RIME Model Performance

Utilities related to model performance improvement.

rime.tabular.performance.get_biggest_errors(df: DataFrame, model: TabularBlackBoxModel, labels: Series, n: int = 100, decision_threshold: float = 0.5, preds: Optional[ndarray] = None) List[Series]

Return the biggest errors.

Parameters:
  • df – dataframe to make predictions over.

  • model – model to use to make predictions.

  • labels – labels for data.

  • n – number of worst datapoints to return.
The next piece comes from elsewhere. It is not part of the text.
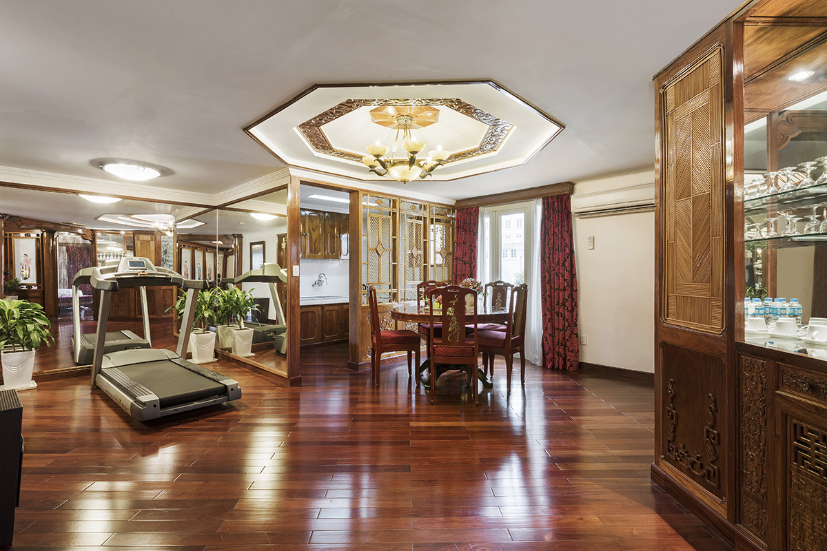 Khu vực phòng khách được trang bị thêm máy tập gym và một chiếc gương lớn phục vụ cho nhu cầu tập thể dục nâng cao sức khỏe của du khách. Bên cạnh khu vực bàn uống nước còn có tủ gỗ riêng để đựng ly rượu vang và ấm chén pha trà. Nối liền với phòng khách là khu vực bếp và bàn ăn gia đình, đây là nơi du khách có thể dành ra những khoảng thời gian đầm ấm và hạnh phúc bên những người thân yêu nhất của mình.
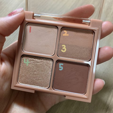 : 카톡 선물하기에서 섀도우랑 틴트 저렴하게 묶어서 팔길래 구매했음! (지금도 저렇게 판매하는지는 모르겠엉) 개인적으로 4구 섀도우가 활용하기도 좋고 가격대도 저렴해서 좋아함! 베이스 컬러가 베이지코랄? 느낌인데 이거 하나 쓱 발라주고 아이라인 + 마스카라 해줘도 너무 이쁨! 최근에는 이 섀도우만 사용해서 화장하고 있엉

  • decision_threshold – decision threshold of the model. Only relevant for

  • classification. (binary) –

  • preds – predictions produced by the model. If specified, will use these predictions instead of calling the model. Defaults to None.

Returns:

A list of sorted Pandas series for largest errors. There are currently 3 situations: 1) Binary classification: Returns a list [x, y] where x is the false positives sorted by worst false positive rate and y is the false negatives sorted by worst false negative rate. 2) Multi-class classification case returns: [a] where a is the data sorted by cross entropy loss. 3) Regression case returns: [b] where b is the data sorted by L1 loss.
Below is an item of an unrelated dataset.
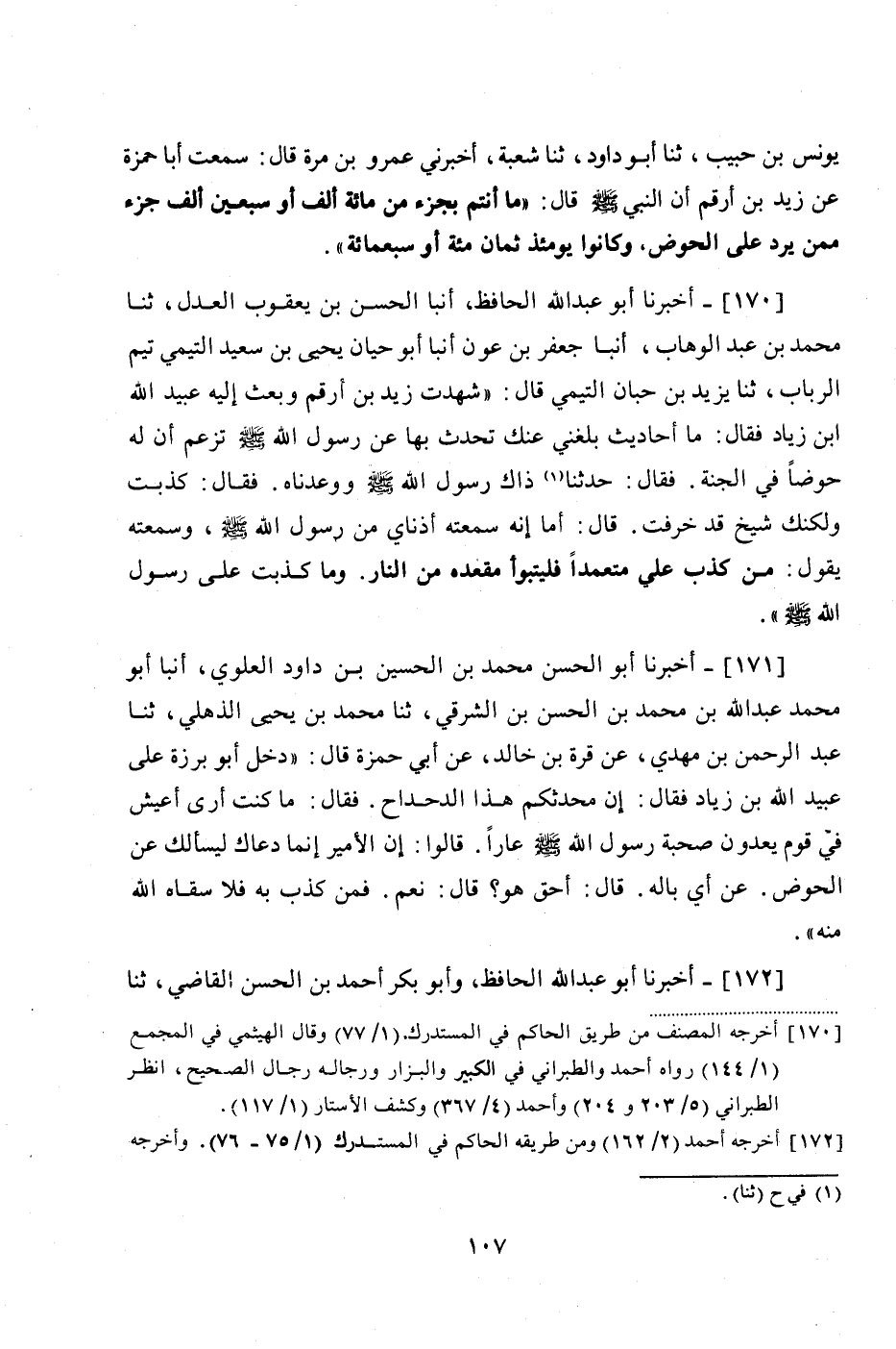 170 - (153) أَخْبَرَنَا أَبُو عَبْدِ اللَّهِ الْحَافِظُ , أَنْبَأَ الْحَسَنُ بْنُ يَعْقُوبَ الْعَدْلُ , ثنا مُحَمَّدُ بْنُ عَبْدِ الْوَهَّابِ , أَنْبَأَ جَعْفَرُ بْنُ عَوْنٍ , أَنْبَأَ أَبُو حَيَّانَ يَحْيَى بْنُ سَعِيدٍ التَّيْمِيُّ تَيْمُ الرَّبَابِ , ثنا يَزِيدُ بْنُ حَبَانَ التَّيْمِيُّ , قَالَ: شَهِدْتُ زَيْدَ بْنَ أَرْقَمَ , وَبَعَثَ إِلَيْهِ عُبَيْدُ اللَّهِ بْنُ زِيَادٍ , فَقَالَ: مَا أَحَادِيثُ بَلَغَنِي عَنْكَ تُحَدِّثُ بِهَا عَنْ رَسُولِ اللَّهِ صَلَّى اللهُ عَلَيْهِ وَسَلَّمَ، تَزْعُمُ أَنَّ لَهُ حَوْضًا فِي الْجَنَّةِ , فَقَالَ: حدثنا ذَاكَ رَسُولُ اللَّهِ صَلَّى اللهُ عَلَيْهِ وَسَلَّمَ وَوَعَدَنَاهُ. فَقَالَ: كَذَبْتَ , وَلَكِنَّكَ شَيْخٌ قَدْ خَرِفْتَ. قَالَ: أَمَا إِنَّهُ سَمِعْتُهُ أُذُنَايَ مِنْ رَسُولِ اللَّهِ صَلَّى اللهُ عَلَيْهِ وَسَلَّمَ , وَسَمِعْتُهُ يَقُولُ: «مَنْ كَذَبَ عَلَيَّ مُتَعَمِّدًا فَلْيَتَبَوَّا مَقْعَدَهُ مِنَ النَّارِ , وَمَا كَذَبْتُ عَلَى رَسُولِ اللَّهِ صَلَّى اللهُ عَلَيْهِ وَسَلَّمَ»

rime.tabular.performance.preprocess_df(df: DataFrame, columns_to_ignore: Optional[List[str]] = None, impute_nulls: bool = True) DataFrame

Preprocess dataframe.

Functionality includes:
  • Mapping categorical values to numeric based on value_counts

  • Impute nulls based on a reasonable strategy (detect if numeric or obj)

Parameters:
  • df – dataframe to be preprocessed.

  • columns_to_ignore – These columns will be ignored and not preprocessed. If None will not ignore any columns. Defaults to None.

Returns:

A preprocessed dataframe.

rime.tabular.performance.single_model_active_learning(df: DataFrame, model: TabularBlackBoxModel, n: int, uncertainty_overweight: int = 1, decision_threshold: Optional[float] = 0.5, seed: Optional[int] = 0, preds: Optional[ndarray] = None) ndarray

Select points to label by looking at a single model.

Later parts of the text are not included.